Однако Хефтен засунул сверток со второй бомбой в свой портфель, а затем, покинув Штауффенберга, быстро вышел, чтобы позаботиться об автомашине. По пути в картографический барак Штауффенберг несколько раз отказывался от предложения своих спутников понести его портфель. Вместе с уже проявлявшим нетерпение Кейтелем Штауффенберг несколько позднее 12 часов 30 минут вошел в картографический барак. Перед тем как войти, он громко, так, чтобы его услышал Кейтель, крикнул фельдфебелю-телефонисту, что ожидает срочного звонка из Берлина. В момент появления Штауффенберга на совещании генерал Хойзингер как раз докладывал о положении на Восточном фронте. Кейтель на минуту прервал его, чтобы представить Штауффенберга Гитлеру, который приветствовал полковника рукопожатием. Затем Хойзингер продолжал свой доклад.

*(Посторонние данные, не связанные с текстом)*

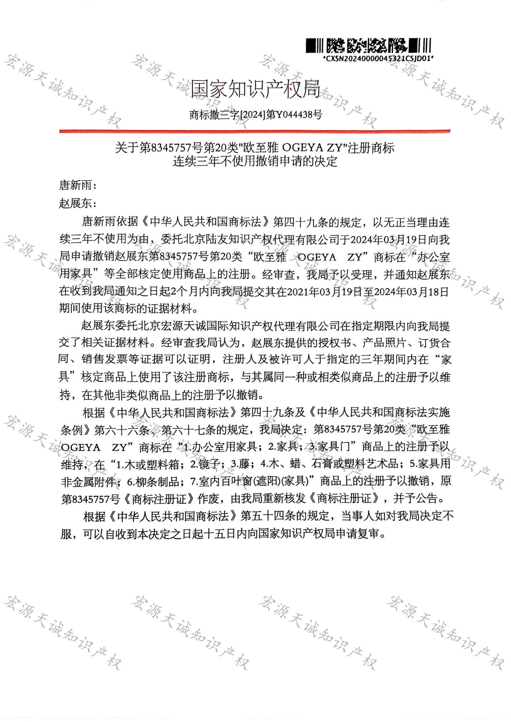 宏源天诚代理“欧至雅 OGEYA ZY”商标撤三答辩成功

Помещение для оперативных совещаний находилось в конце барака и имело площадь примерно 5x10 м. Его почти полностью занимал огромный стол с картами, вокруг которого после прихода Штауффенберга и Кейтеля собралось 25 человек. Напротив двери было три окна — из-за жары их открыли настежь. Гитлер стоял у середины стола, лицом к окнам и спиной к двери. Стол представлял собой тяжелую дубовую плиту, положенную на две массивные деревянные подставки. Штауффенберг поставил портфель с бомбой у той подставки, которая находилась в непосредственной близости от Гитлера.

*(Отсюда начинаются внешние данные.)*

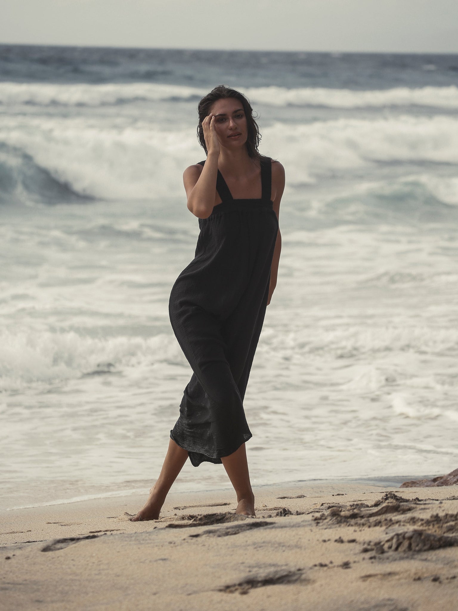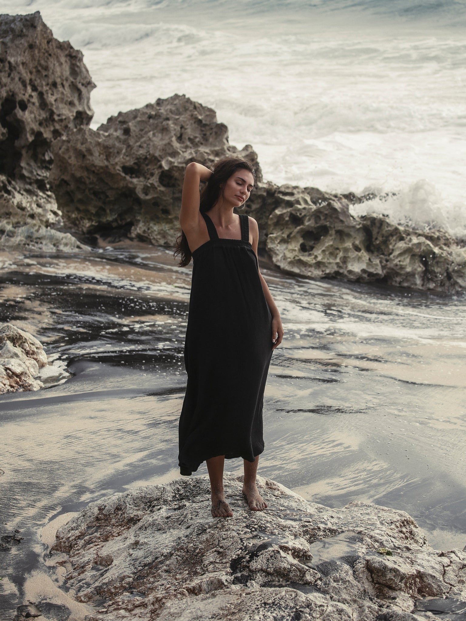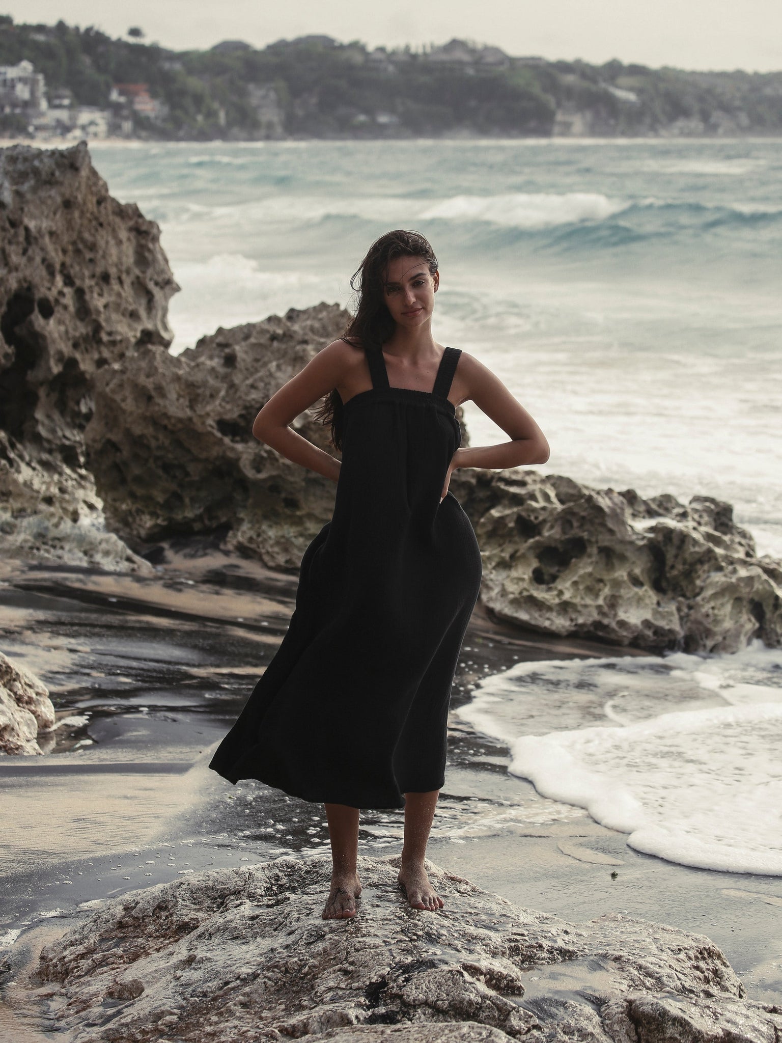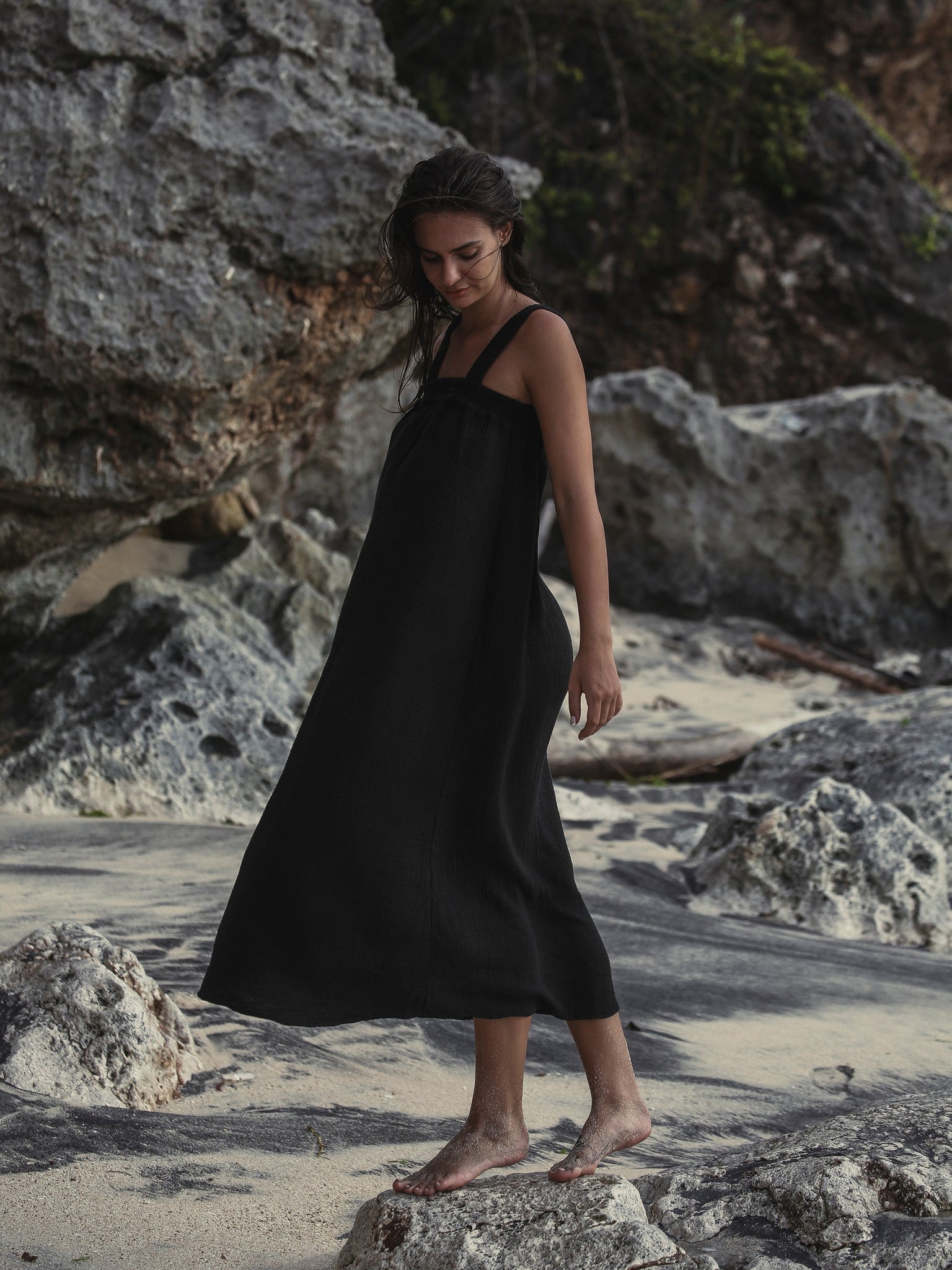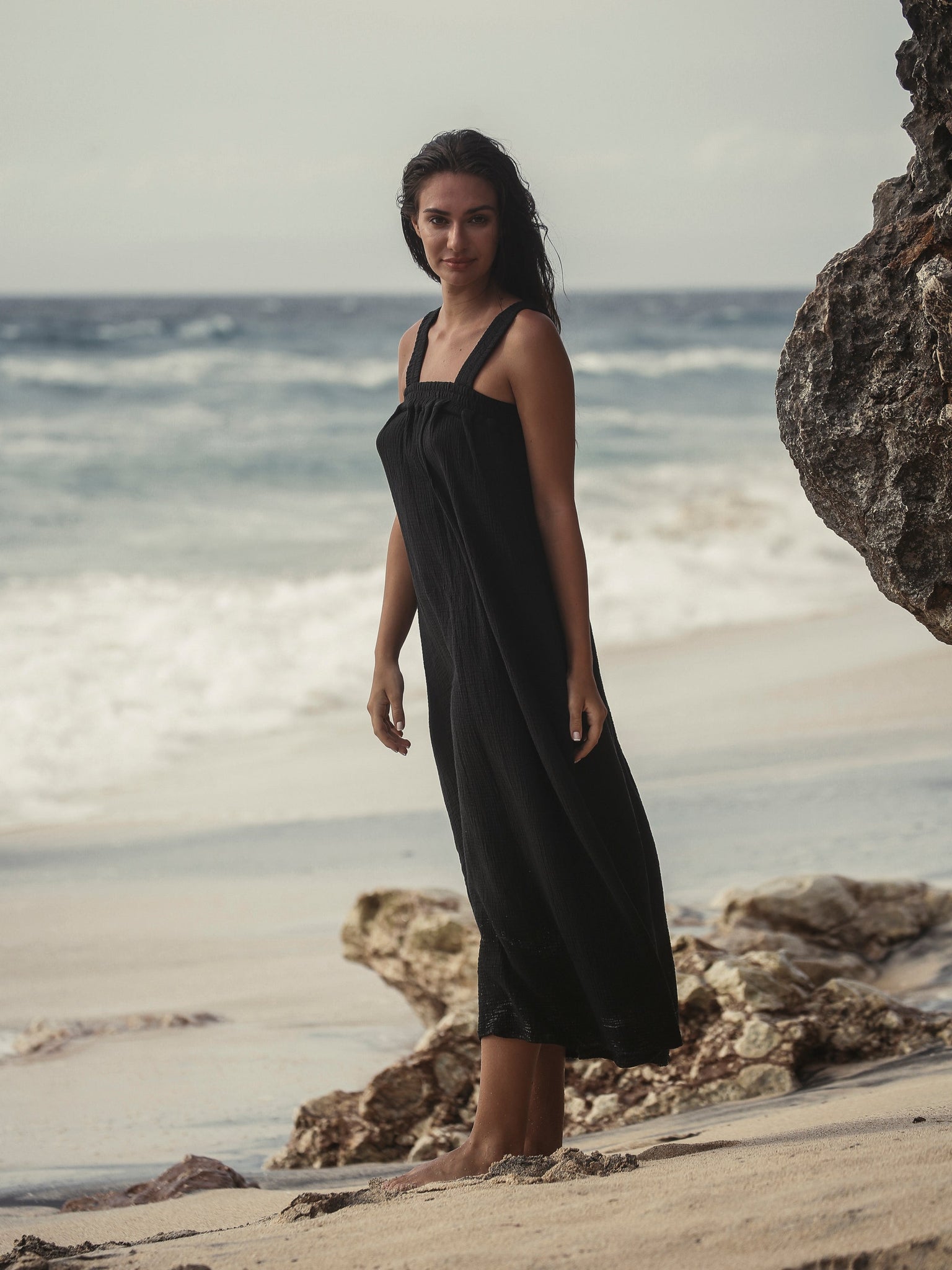 Noa Maxi Dress Black with an elasticated shoulder straps detail, offers a boho-inspired silhouette. Structured squared elasticated neckline is essential for this season’s Spring wardrobe which can take you through week to weekender. Soft and swingy Maxi dress focus on sustainability through traditional touches empowering local artisans in the remote villages of Turkey.

Вскоре вслед за тем он доложил Кейтелю, что ему необходимо переговорить по телефону, вышел из помещения и направился прямо к генералу Фельгибелю, где его уже ожидал с автомашиной Вернер фон Хефтен. «Ни один специалист не сомневался в том, что в помещении с толстыми или тонкими стенками предназначенная для этой цели взрывчатка… сделает свое дело до конца». Однако человек предполагает, а Бог располагает.
Тем временем Хойзингер продолжал доклад. Полковник Брандт, заместитель Хойзингера, желая подойти поближе к карте, задел ногой помешавший ему портфель Штауффенберга и переставил его по другую сторону подставки стола — подальше от Гитлера.

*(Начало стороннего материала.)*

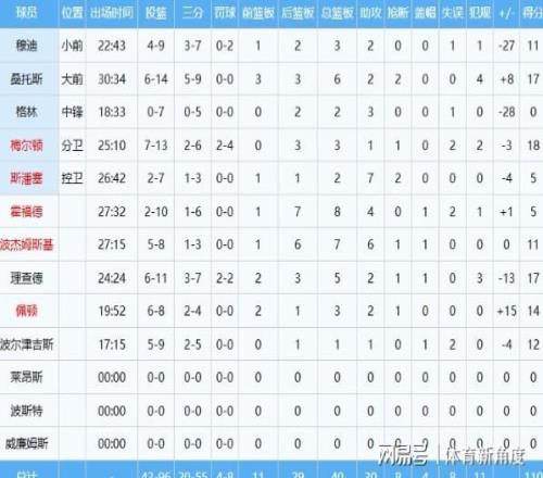 凱爾特人隊(duì)這邊,球員表現(xiàn)參差不齊。追夢(mèng)格林的表現(xiàn)著實(shí)令人大跌眼鏡,他的運(yùn)動(dòng)戰(zhàn)7次出手全部偏出,并且沒有獲得任何罰球機(jī)會(huì),得分欄上零分,僅僅收獲了2個(gè)籃板和3次助攻。更糟糕的是,他的正負(fù)值低至 -28,位列全場(chǎng)最低。交易截止日已然過去,格林卻依舊狀態(tài)低迷,不禁讓人心生疑問:是他沒有全身心投入比賽,還是年滿35歲的他,競(jìng)技水平出現(xiàn)了斷崖式下滑?
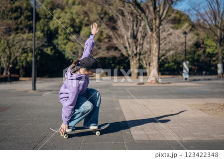 スケーターファッションの女性

Поскольку Штауффенберг должен был докладывать сразу же после Хойзингера, но все еще не вернулся, Буле вышел из помещения, чтобы позвать его. Однако телефонист сказал ему, что полковник ушел. Пораженный Буле вернулся в помещение, В 12 часов 42 минуты — Хойзингер как раз произносил заключительные слова — бомба взорвалась.
Штауффенберг, Хефтен и Фельгибель увидели пламя взрыва и были твердо убеждены в том, что Гитлер убит. Взрыв был такой силы, словно в комнате разорвался 150-миллиметровый снаряд, заявил позже Штауффенберг в Берлине.
Штауффенберг и Хефтен вскочили в машину, которая через минуты две остановилась у офицерского караула. Охрана сначала отказалась пропустить их, но Штауффенберг сослался на вымышленный телефонный вызов и заявил, что имеет разрешение на выезд. У наружного поста с южной стороны обоих офицеров снова остановили. Однако Штауффенберг не растерялся и тут же позвонил ротмистру фон Меллендорфу, который по телефону подтвердил дежурному шарфюреру СС наличие разрешения на выезд. Чуть позже 13 часов Штауффенберг достиг аэродрома. По дороге Хефтен демонтировал запасную бомбу и выбросил ее. В 13 часов 15 минут самолет поднялся в воздух и взял обратный курс на Берлин, где должен был приземлиться около 16 часов. В течение почти трех часов Штауффенберг вынужден был бездействовать, и эти три часа оказались роковыми для предпринятого им дела. Что же произошло за эти три часа в Берлине — в центре заговора?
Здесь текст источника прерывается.